Novel intermediate oxazoline[3,2-a]pyridiniums were facilely prepared from 2-(2,2-dimethoxyethoxy)-pyridines via acid promoted intramolecular cyclization. Sequentially, the quaternary ammonium salts were treated with different nucleophiles for performing regioselective metal-free C-O and C-N bond-cleaving to afford prevalent heterocyclic structures of N-substituted pyridones and 2-substituted pyridines. The reaction mechanism and regioselectivity were then systematically explored by quantum chemistry calculations at B3LYP/6-31 g(d) level. The calculated free energy barrier of the reactions revealed that aniline and aliphatic amines (e.g., methylamine) prefer to attack C8 of intermediate 4a, affording N-substituted pyridones, while phenylmethanamine, 2-phenylethan-1-amine and 3-phenylpropan-1-amine favor to attack C2 of the intermediate to form 2-substituted pyridines. With the optimized geometries of the transition states, we found that the aromatic ring of the phenyl aliphatic amines may form cation-π interaction with the pyridinium of the intermediates, which could stabilize the transition states and facilitate the formation of 2-substituted pyridines.
Pyridine and pyridone are important moieties in the structures of many drugs with a wide range of functions, such as loratadine (allergies), lansoprazole (ulcers), mirtazapine (depression), crizotinib (lung cancer), pioglitazone (diabetes), eszopiclone (insomnia), pirfenidone (ifibrosis), ciclopirox (antifungal), perampanel (epilepsy), arthpyrone (antiacetylcholinesterase) and ricinine (CNS stimulant) (Supporting Information, Figure S1). Especially, N-substituted 2-pyridone is a prevalent core structure in both natural products and chemical drugs1. Several synthetic approaches have been developed to construct N-substituted 2-pyridone derivatives2. In recent years, significant effort has been expended to develop synthetic strategies via alkyl migration or rearrangement reactions from O-substituted pyridines to N-substituted pyridones, such as C(sp3)-O bond cleavage3,4 and Claisen rearrangement5,6. Meanwhile, direct N-substitution of 2-pyridones has also been explored, despite the competing process existing between O and N alkylation7. Although these methods are undisputedly of importance to synthesize N-substituted 2-pyridones, they usually require expensive transition-metal catalysts, impractical substrates or display limited substrate scope (Fig. 1A1).

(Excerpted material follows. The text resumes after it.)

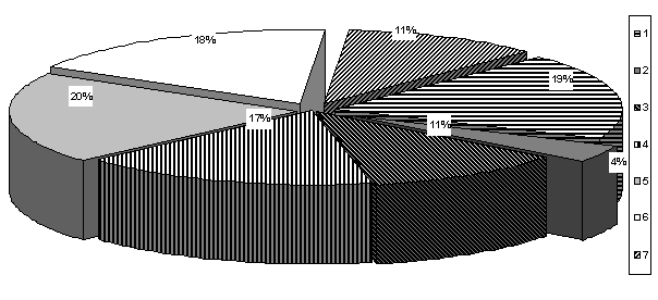 1. В аренду сторонним организациям, которых насчитывается около 10 тысяч сдано 3385 тыс. кв. м федеральных площадей, что составляет около 5% от общего количества проинвентаризированных площадей.

Our group previously discovered multiple N-substituted 3-arylisoquinolone derivatives as antitumor agents. These derivatives were prepared from O-substituted 3-arylisoquinolines via [2,3] or [3,3] rearrangement8. The conversion of acetal O-substituents to 2′-hydroxyl-1′-methoxylethyl N-substituents was promoted by dilute hydrochloric acid, which is distinct from the reported [2,3] rearrangements9. Herein we report a new approach to synthesize N-substituted 2-pyridones via an acid mediated rearrangement of 2-(2,2-dimethoxyethoxy) pyridines (Fig. 1B).
We detail the optimization of this procedure in addition to its substrate scope. In particular, aromatic and alkyl amines add to the 8-position of pyridinium derivatives 4 to give pyridone derivatives 5 (Fig. 1B), thereby providing a facile approach to prepare substituted amino compounds which have great potential, especially in drug discovery and development10. Alternatively, reaction with certain nucleophiles (e.g., phenylmethanamine, 2-phenylethan-1-amine and 3-phenylpropan-1-amine) was found to proceed via nucleophilic displacement at the C-2 position of the pyridinium ring to deliver 2-substituted pyridines 6 (Fig. 1B).

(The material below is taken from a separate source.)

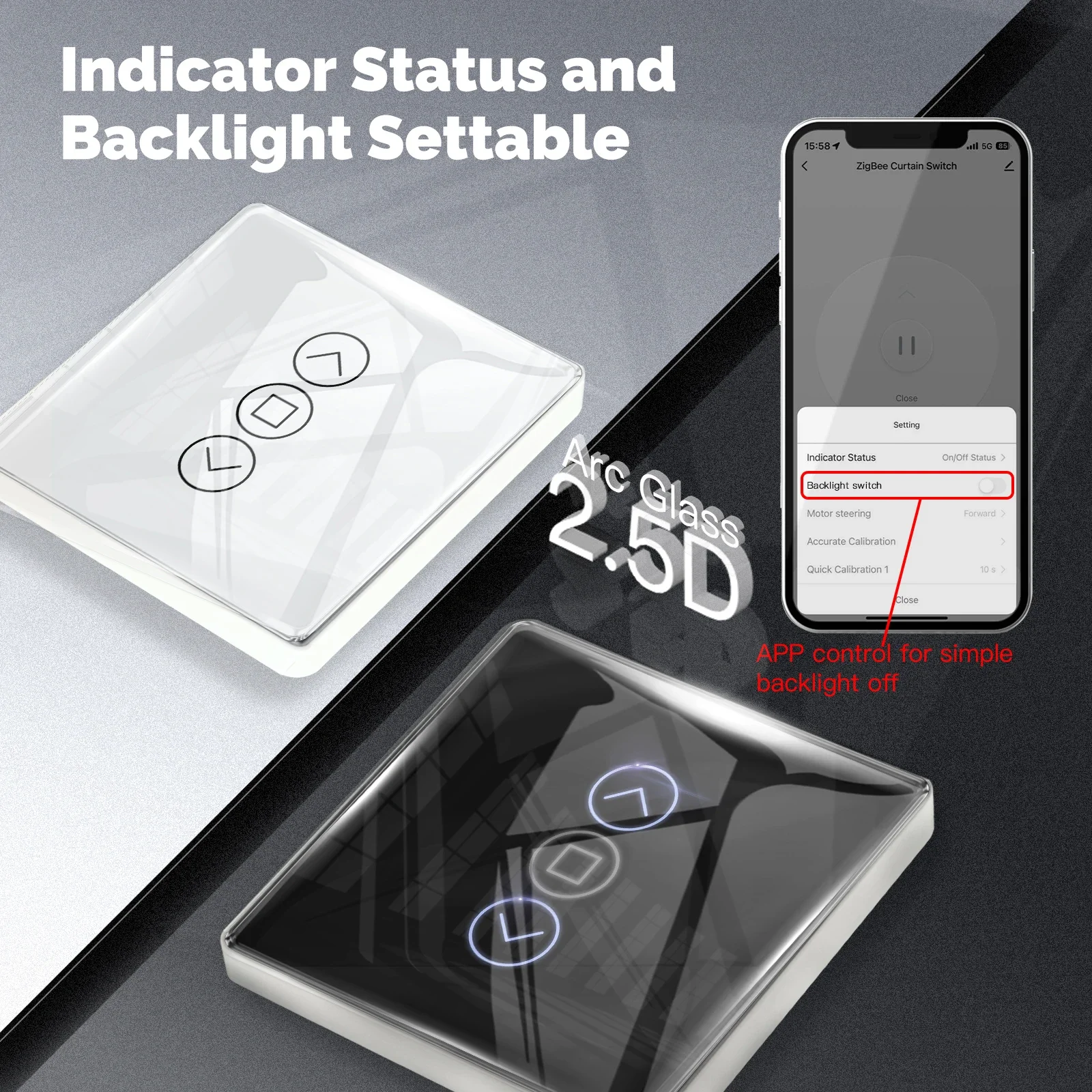 صُمم مفتاح ستارة ذكي من الزجاج ثنائي الأبعاد ويُعتبر من المفاتيح الذكية العملية التي تدعم RF433، ومن الممكن التحكم به من خلال التطبيق المتاح على الهاتف، كما أنه يدعم الأوامر الصوتية ويمكن من خلاله التحكم بكل سهولة في الستائر المختلفة مثل الستائر الرومانية، الدوارة، الفينيسية، ولكي يعمل بكفاءة لا بد وأن يقترن عمله ببوابة ZigBee لتحكم سلس وعصري.

In addition, we isolated and characterized novel intermediates, namely, oxazoline[3,2-a]pyridinium salts (Fig. 1B). To the best of our knowledge, there are only two reports on the synthesis of oxazoline[3,2-a]quinolinium derivatives (Fig. 1A2); one is the synthesis of 1-bromomethyl-oxazoline[3,2-a]quinolinium bromides (2b) from N-allylquinolones via oxidation of the olefin by bromine and trapping via the quinolone O-atom11, the other is the synthesis of dihydrooxazolo[3,2-a]pyridinium methanesulfonate (2d) by the treatment of the hydroxyethyl pyridones with methanesulfonic anhydride and triethylamine in dichloromethane12. Furthermore, we found the nucleophilic reaction occurs primarily at the sp3-C (at the 8-position of compound 4, Fig. 1B) of the novel oxazoline[3,2-a]pyridinium derivatives, which differs from the familiar pyridine quaternary ammonium salt with the nucleophilic reaction commonly occurring at the α-position of the nitrogen of pyridinium ylide13.
Results and Discussion
Optimization of Reaction Conditions
Initially, the 2-(2,2-dimethoxyethoxy) pyridine (3a) was prepared from 2-halogenated pyridine by treatment with sodium 2,2-dimethoxyethanolate14. Subsequently we employed 3a as a test substrate to optimize the reaction conditions. After reacting with an acid, the solvent was evaporated and the residue was treated with a saturated sodium bicarbonate solution to provide N-substituted pyridone 5a (Table 1). Varying first the acid (Table 1, entries 1–9) revealed trifluoroacetic acid (Table 1, entry 9) as optimal.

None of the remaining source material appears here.